A recent report demonstrated that PGC-1 increased uncoupled mitochondrial respiration and the expression of UCPs in adipocyte and C2C12 cell lines in culture (15). We hypothesized that in contrast to these cell types, PGC-1 would induce coupled mitochondrial respiration in the primary cardiac myocyte, given the obligate high level of ATP production in the heart. To determine whether PGC-1 induced coupled or uncoupled respiration in cardiac myocytes, the ATP synthase inhibitor, oligomycin, was employed to inhibit oxidative phosphorylation before the measurement of oxygen consumption rates. If PGC-1 overexpression induces predominantly coupled respiration in the cardiac myocytes, oligomycin would reduce oxygen consumption rates to a similar degree in cells infected with Ad-PGC and control cells. If, however, PGC-1 induces uncoupled respiration, oligomycin would reduce oxygen-consumption rates to a greater degree in control cells compared with PGC-1–expressing cells. The percentage of reduction in oxygen consumption after oligomycin treatment was similar in cardiac myocytes infected with either control or Ad-PGC-1 vector (Figure 5b), indicating that the PGC-1–induced increase in mitochondrial oxygen consumption mainly was due to an augmentation in coupled respiration through oxidative phosphorylation. Inhibition of the adenine nucleotide translocase by atractyloside also resulted in a similar degree of reduction in total oxygen consumption in control and PGC-1 adenovirus–infected cardiac myocytes (data not shown).

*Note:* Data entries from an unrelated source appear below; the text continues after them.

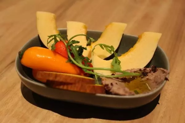 このお店ではコースのはじめに登場する『Dōngxī ナッツ』や『農園ディップ』などの小皿メニューの味付けを選べるのです。東は辛くスパイシーな味わい、西はフムスで甘みのある味わいです。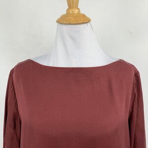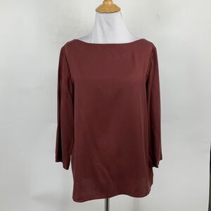 Vince Blouse Womens M Medium Mahogany Silk Rayon Blend Boat Neck 3/4 Sleeves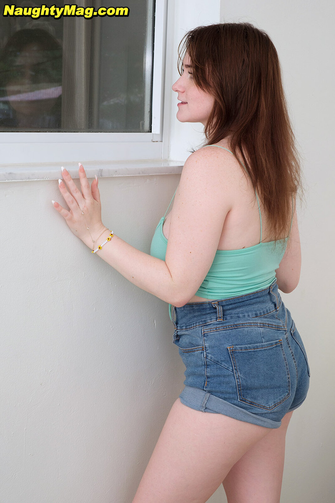 Meet Lilibet Saunders, a brand-new and curvy 18-year-old girl. She's flexible, and she shows you that by stripping off her jean shorts and tight top, pulling down her (crotchless) pink panties, wrapping her legs behind her head and fingering her tight, young cunt. "My boobs are definitely my best asset," she told us. "I have big boobs. They're annoying sometimes, like when I have to run, but they look really nice. Guys love them, too. I enjoy a nice, hard squeeze on them when I'm fucking. I've been wanting to get nipple clamps, too. I have naturally pale nips, but they get all rosy and pink when they're pinched and get hard. I think it looks hot." We do, too, Lilibet.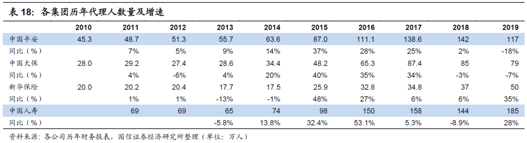相比较而言,中国人寿拥有绝对多的代理人数量,同时其代理人数量增速在2019年逆势而上,如下表所示,体现出其线下网络规模的绝对优势。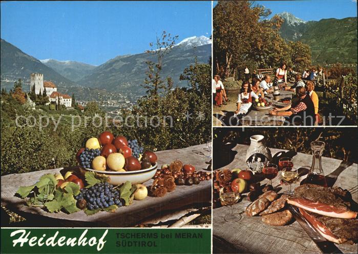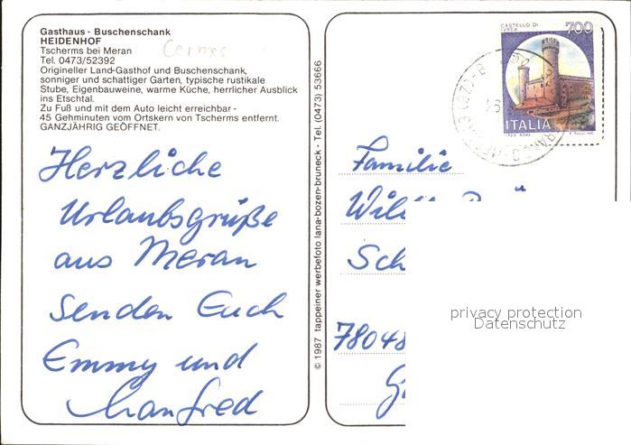 old postcard Tscherms Gasthaus Heidenhof postalisch gelaufen Erhaltung siehe scans

The effect of PGC-1 on cardiac myocyte UCP expression was delineated. UCP-1 is a brown adipose-specific inner mitochondrial membrane protein that generates heat by dissipating the inner mitochondrial membrane proton gradient (35). Two homologous proteins, UCP-2 and UCP-3, are expressed in multiple tissues, including skeletal muscle and heart (19). PGC-1 overexpression decreased cardiac myocyte UCP-2 mRNA levels by approximately 60%, while increasing ATP synthase-β subunit mRNA levels threefold (Figure 5c). Although detectable in adult heart total RNA (data not shown), UCP-3 mRNA was not detected in RNA isolated from neonatal rat cardiac myocytes in culture under either condition. Thus, in contrast to the effect of PGC-1 in several noncardiac cell types (15), PGC-1 overexpression decreased rather than increased mitochondrial UCP-2 gene expression in the cardiac myocyte, coincident with an observed increase in mitochondrial number and function. Taken together with the results of the oxygen consumption studies, these data indicate that PGC-1 is capable of increasing the capacity for cardiac myocyte energy production through coupled mitochondrial respiration.

Cardiac overexpression of PGC-1 in vivo in transgenic mice induces uncontrolled mitochondrial biogenesis.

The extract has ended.